To find out more about the importance of adding Mg2+, please refer to [here]
MgCl2 (Scharlau MA0036: MgCl2.6H2O, FW = 203.3)
  1. Weigh 501.3 mg of ADP = 1 mmol ADP.
  2. Add 1.2 ml H2O (ADP is not dissolved at this stage).
  3. Neutralize with 5 M KOH (approx. 450 µl). ADP will dissolve after addition of KOH.
  4. Add 121,98 mg MgCl2. White precipitate will occur, which will dissolve during 1-2 min stirring on magnetic stirrer at RT.
  5. Check pH and adjust to 7 with 5 M KOH if necessary.
  6. Adjust final volume to 2 ml and divide into 0.2 ml portions.
  7. Store at -80 °C.


Comment: In some cases it was observed, that after defreezing of the 'ADP-Mg' a white precipitate has formed again. If this is the case we recommend to prepare the ADP stock solution and a MgCl2 solution (0.6 mol MgCl2/mol ADP) seperately and perform a titration of both solutions in immediate succession.

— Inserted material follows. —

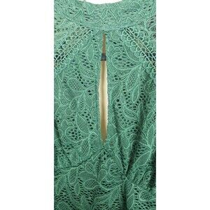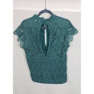 Daytrip Blouse M Teal Green Smocked Lace Mock Neck Keyhole Dainty Feminine Fall

O2k manual titrations MiPNet09.12 O2k-Titrations
  • Titration volume: 4-20 µl using a 25 µl syringe (2 ml O2k-chamber).
  • Final concentration: 1-5 mM.


ADP dependence of respiration

The assumption of linearity (linear regression of oxygen concentration over time) is frequently not valid for various reasons other than oxygen kinetics. In classical ‘State 3’, ADP levels are ‘high’ (Chance and Williams, 1955), but not necessarily saturating (MitoPedia: Respiratory states). Then, an ADP-dependent decline of respiration is observed immediately after titration of a sub-saturating concentration of ADP, which is obscured by any linear regression. This has caused in the past a tremendous underestimation of the apparent Km for ADP, perpetuated even today with the uncritical application of non-adequate software implementing the simple linearity approach only. For a critical approach to ADP kinetics, see Gnaiger et al 2000 and Gnaiger 2001.